December 12, 2017

Hey, a little venting lol

Good morning! I guess I’m in lazy mode this morning because I can’t get with it for nothing lol. Sitting here staring out the window wishing it was summer, I’m not fond of winter at all. Just don’t like it….ha.
Well I know I write a bunch of sad shit but I’m not apologizing for it. It helps me to let some of it out & I don’t have anyone around me to talk to all the time. So I’m consumed with my thoughts & quiet frankly they are driving me nuts!!!! hahaha. 
I have got to stay off of the social media more, that nonsense is ridiculous. Most of it ain’t nothing but hooking up, everybody sleeping with everybody, disgusting. And heaven forbid if a girl likes a guys a new profile pic….he’s all up in the inbox thinking you want him. Like ‘Heather Land’ says….”I ain’t doing it”. I won’t anymore, not unless I know them. I guess the women act that way too. I don’t think that way. I see the likes on my stuff & all the comments but I’m not in anyone’s inbox. That & there is a huge majority of men(on my friends list) that all have the same women friends. If I go & just simply pick one to check out (one of the girls I’m not friends with), all the same guys are liking all her stuff & commenting the same shit. I’m also guessing they’re are sending good morning & night messages to them as well, asking if they’re okay, if they need a friend to talk too, happy birthdays, that was a good or funny post, I can relate to you, you’re so beautiful, do I know you?, I can’t stop staring at your picture, let me take you out for supper/lunch/breakfast, etc……………………………..Need I say more. It’s very bothersome to know that you can’t trust or believe any of them. They’re more than likely doing every woman that way in hopes that one or two will respond & take them up on an offer just so they can have a funbuddy or two or more………Just saying, nothing but the truth. It’s untelling how much sexting goes on between them all. I’m sure this post will piss them off but sorry it’s very close to the truth. Face it.
Okay so anyway, I got carried away there lol. I just hate how it works & I will not date anyone else from the social media sex world.
I have decided that after the first of the year & after my grandson is born of course, I’m not going to miss that. I’m going to take myself on a little getaway somewhere. I know where I’m headed but I’m not telling anyone until after I’m there or after I get back. I need a break real bad. I have been through hell the past couple of years & I haven’t slowed down. I got to get away & just take care of me.
I spent the last two days, especially yesterday dealing with an episode of depression. It seems to still want to play today but I don’t! I keep shaking it off & making myself get out of bed & just simply walk through my house. I can’t keep allowing this shit to overtake me, it’s crazy,
It would be nice though to know I was cared for.
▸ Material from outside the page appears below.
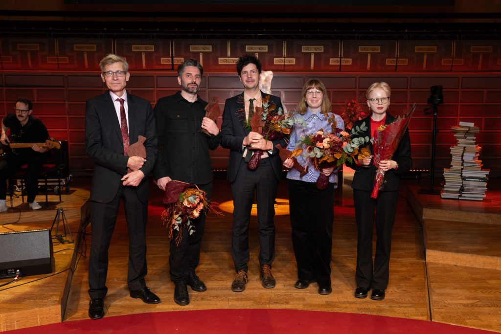 Årets pristagare. I mitten står Oskar Kroon och Hanna Klinthage. Längst till höger står Emilia Piotrowska. Foto: Andreas Sundbom/Augustpriset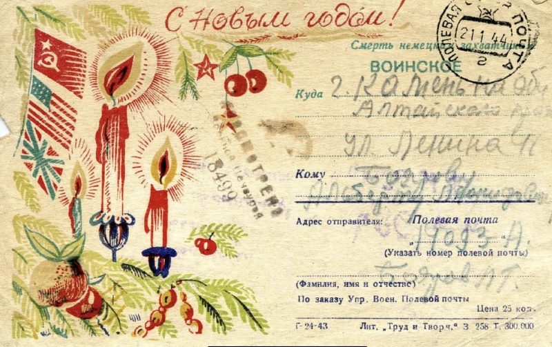 На п.п. Смотрела канал про советские новогодние открытки, попалась любопытная, с фронта, 1944 года, в Камень-на-Оби. Транслирует современное открытке восприятие.

I don’t see or hear much but that’s okay I’m used to it. I always give too much of myself to people that don’t respect me. I always care or love them too much as well. My downfall I guess. I know losing some people is a blessing. But honestly I think..no..I know that some have regretted it, losing me. I’m not a bad person, but they’ll fuck around & lose my ass before they realize I was already gone while they forgot me, screwed me over, fucked around behind my back. Then they all of a sudden want me back because they thought they had me like that. Thinking they’ll get a good girl & sleep with the whores on the side. Thought I’d always just be hanging on. When I’m done……I’m done.
Okay I vented for the day haha. Men just piss me off & make me sick to my stomach with all the lies. But I’ll shut up for the moment anyway.
Have a wonderful day! If you can after reading this mess LOL!!!